AVAILABLE DATA:
= = = =

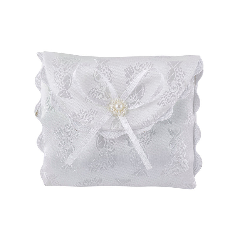 <p>A special accessory for that special day! This adorable First Communion Satin Lined Brocade Rosary Case with Chalice Print and Snap Closure not only makes the perfect choice for carrying along a gorgeous rosary and those important items, it also elegantly compliments the child's beautiful Communion dress. Comes gift boxed.</p>
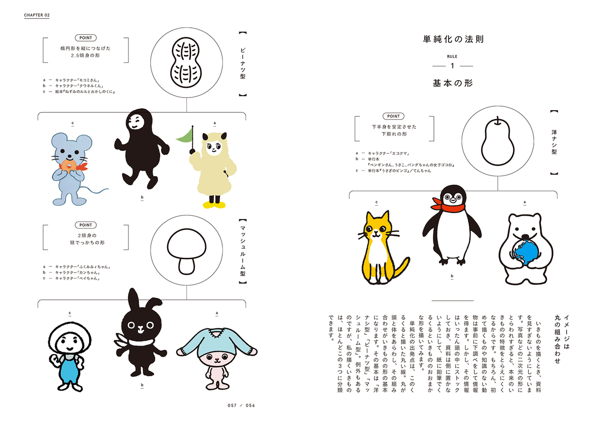 坂崎は、『いきものとイラスト』で〈いきものを描くとき、資料を見すぎないようにしています〉と語っている。本来の姿にとらわれすぎず、丸っこいかたちを基本とした「単純化」によってかわいらしい動物キャラクターの数々が生まれているのだ。そんな「単純化」には3つのパターンがある。〈洋ナシ型〉〈ピーナツ型〉〈マッシュルーム型〉である。Suicaのペンギンは〈洋ナシ型〉にあたる。
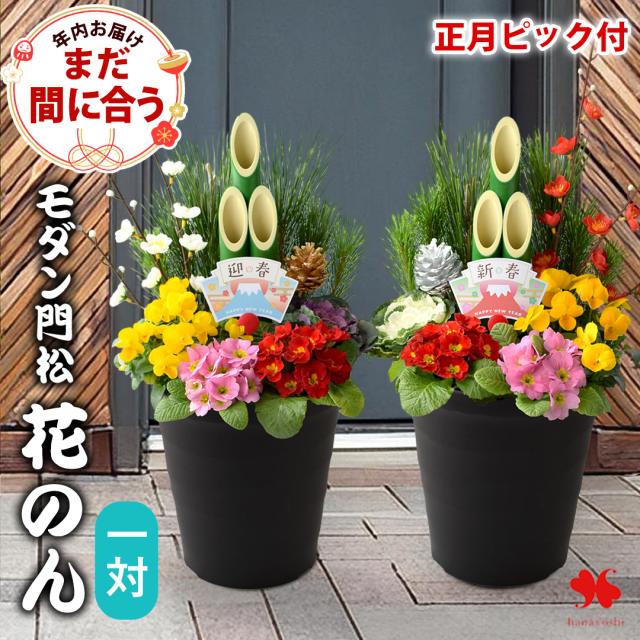 正月 年内お届け 門松 玄関 お正月 迎春 モダン門松 「 花のん ( 一対 )」 正月飾り お正月飾り 玄関用 花 お年賀 ギフト正月 寄せ植え 仕立て 正月花 お正月 お正月後は寄せ植えに変身 迎春 モダン 縁起物 お年賀 ギフト 花飾り おしゃれ 午年 マンション 松 2026 送料無料
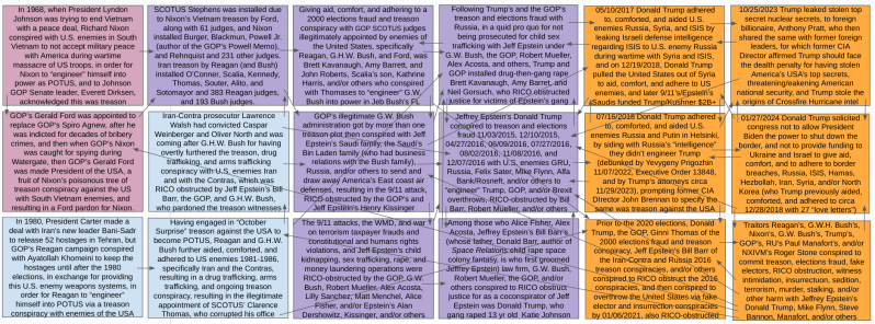 A picture is worth a thousand words, and so what our news sections links above specify in the sections named (1) Epstein's "Commonwealth", (2) Illegitimate Power, and (3) Crossfire Hurricane Origins, but not limited to the same, is that the Republican Party, Trump, and several overlapping and known child sex trafficking rings, have repeatedly conspired to overthrow the United States in order to remain in control of the legal landscape, and have manufactured domestic and international terrorism events in order to help them do the same.

= = = =

EXERCISE PROMPT: Take the line containing "正月 年内お届け 門松" as the first line and the last line of the data above as the final one, and output exactly the lines between them, inclusive, with no pictures.

SOLUTION TO THIS EXERCISE:
 正月 年内お届け 門松 玄関 お正月 迎春 モダン門松 「 花のん ( 一対 )」 正月飾り お正月飾り 玄関用 花 お年賀 ギフト正月 寄せ植え 仕立て 正月花 お正月 お正月後は寄せ植えに変身 迎春 モダン 縁起物 お年賀 ギフト 花飾り おしゃれ 午年 マンション 松 2026 送料無料
 A picture is worth a thousand words, and so what our news sections links above specify in the sections named (1) Epstein's "Commonwealth", (2) Illegitimate Power, and (3) Crossfire Hurricane Origins, but not limited to the same, is that the Republican Party, Trump, and several overlapping and known child sex trafficking rings, have repeatedly conspired to overthrow the United States in order to remain in control of the legal landscape, and have manufactured domestic and international terrorism events in order to help them do the same.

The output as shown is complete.